For Chester, the Abbott Brook culvert, which has failed multiple times, was a priority. As described by Wild and Scenic Outreach Coordinator Meredyth Babcock, Abbott Brook is in a huge watershed area surrounded by hills, which drain down to the culvert crossing on Abbott Hill Road. She said the problem is complicated by the fact that this is a dirt road.
At a recent listening session on dirt roads in Chester, Abbott Hill resident Lora Wade, whose property abuts the culvert, said the road gets washed out every year.
“When we had heavy rains in 2021, we were stranded for two days,” she said, adding that there is no other exit to that road.
Wade also attended the grant announcement and the site visit that followed to the culvert at Abbott Brook. She said ever since her family of four moved to Chester in 2020, the culvert has been their focus, motivating her to join the town’s Conservation Commission.
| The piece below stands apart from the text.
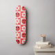 This is cute chequered white flowers with red happy faces on checkerboards. It's cute skateboard for teenage girls

A nurse who has to get to work, Wade said she has to have an emergency plan in place if she can’t get out, which happened once this summer and twice last year.
Currently there is a temporary culvert in place at the crossing. On the site visit, Lambert said it looked like there was not much water in the stream. She said during a rainstorm, the water flow exceeds the culvert’s capacity, and typically it blows out annually, as it did on the other side of the culvert that had collapsed.
Also announced at the meeting were Regional Restoration Partnerships program awards, including $199,899 to the Housatonic Valley Association for its “Berkshire Clean, Cold and Connected” project, and Priority Projects program awards, which gave out the largest grants of $4,400,000 to the town of Wellfleet and $600,00 to the Friends of the Herring River for Herring River Estuary restoration. Lambert said the priority project will restore over 800 acres of estuary in Wellfleet on upper Cape Cod, and is the largest wetland restoration project on the east coast north of Florida.